I used BG for casting and then switched over to Sufix Tritanium a few years back when it first came out. I like BG when casting but when used on the trolling the stuff is like fishing with elastic. One good fish and it was time to change the line. The line turns white and gets real limp where it’s been stressed. 

I’ve been using Sufix Superoir for a couple years now and I really like how it performs on the troll. It’s not a bad casting line either


----------



## Mark G

RACN35 said:


> yea thats it- its the LINEs fault



Uh- what's a boater need casting distance for anyway 

J/k LOL 

I've been using Sufix Siege for awhile And it casts great but is not as abrasion resistant as Sufix Tri plus. IF casting distance is the number one priority I use Siege, otherwise it is Tri plus.


----------



## Surfcaster1

Berkley Big Game.


----------



## gzeke33

*Mono*

Lots of answers out there.

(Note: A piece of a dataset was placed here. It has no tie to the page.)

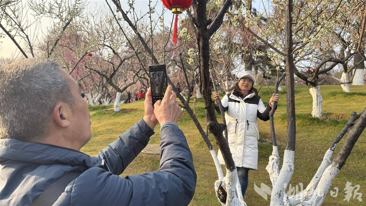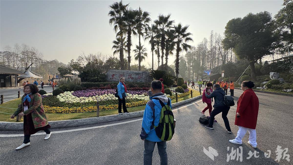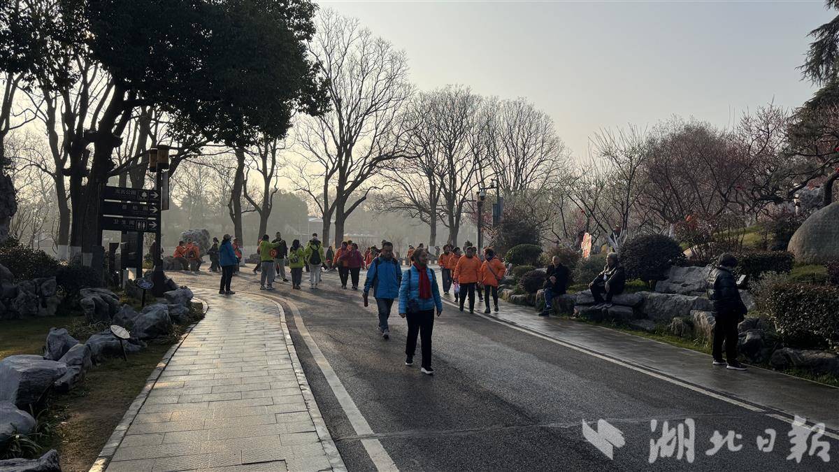 当日7时许,20台旅游大巴来到武汉东湖听涛风景区赏梅。走进景区,游客纷纷被东湖里的美景吸引,刚刚升起的朝阳,把湖面照射得金光灿灿,“太美了!没想到来武汉第一站就看到这么好的美景。”今年72岁的游客李希荣说。忙着在梅花丛中拍照的游客张定秀不停换着POSE,“这次我跟17个好朋友一起报名参加旅行,一路上大家有说有笑,玩得很开心。”
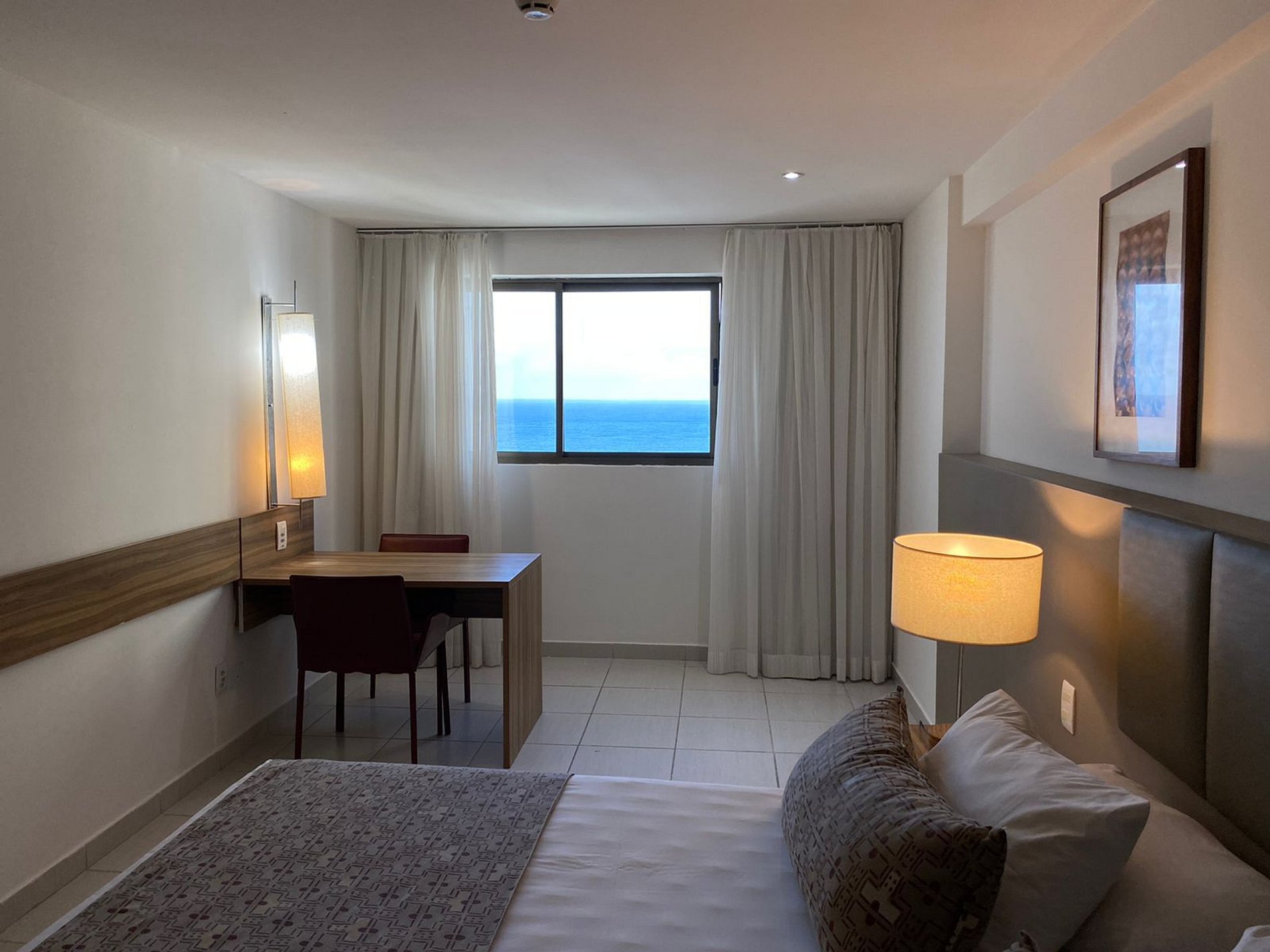 Apartamento Standard andares altos, com uma confortável cama king size, TV Smart 50PL", TV a cabo, cortinas com black out, frigobar, iluminação diferenciada, microondas, split, cofre eletrônico e uma maravilhosa vista do da praia de Boa Viagem. Wi fi e estacionamento gratuitos. Apartamento pensado nos mínimos detalhes, a fim de proporcionar aos nossos hóspedes todo o conforto e aconchego de suas casas. O nosso prédio dispõe de recepção bilíngue 24 h, academia, piscina, sauna, serviço de quarto 24 h, restaurante 24 h. Durante a sua estadia, estaremos prontos para ajudá-lo via WhatsApp. Estamos localizados em área nobre do Recife, na beira mar da praia de Boa Viagem, muito próximo a shoppings, excelentes restaurantes e bares, salão de beleza, pubs, supermercados e padaria. Para ir caminhando, na rua detrás do prédio, temos uma frutaria com itens básicos de conveniência, alimentos, bebidas, onde também é vendido itens de padaria. Ainda na rua detrás, temos restaurantes de referência, com destaque para o Kojima (culinária japonesa), Tratoria (cozinha italiana), Ça Va, Hot Spot e Botega Bastardi (cozinha internacional). Como dica de bar, para beber e petiscar, temos o Faaca e o Fidalgo. O Shopping Rio Mar e o Consulado Americano ficam a 1 km. O Aeroporto Internacional do Recife e o Centro de Convenções ficam a 15 minutos de carro. Para se locomover na cidade, recomendamos alugar um carro ou, se preferir, pegar um taxi ou chamar um uber. Há um ponto de taxi em frente ao prédio. O nosso apartamento dispõe de secador de cabelo potente, ferro elétrico e outros itens que vão tornar a sua estadia ainda mais agradável.

I use Berkley's Trilene Supreme and have had good luck with it.


----------



## VICIII

who makes "bill fisher?"
I have been using that stuff (20lb) and it has been very good and was $22 for 2 lb..
I has been much better than Ande.... My big game was with 25 to it is hard to compare it to the Bill Fisher...

just did some digging... it is made by Sea Striker..
looks like there higher grade line..


----------



## cygnus-x1

Suffix Tritanium Plus.

Silky, Smooth, Strong and Abrasion resistant.


----------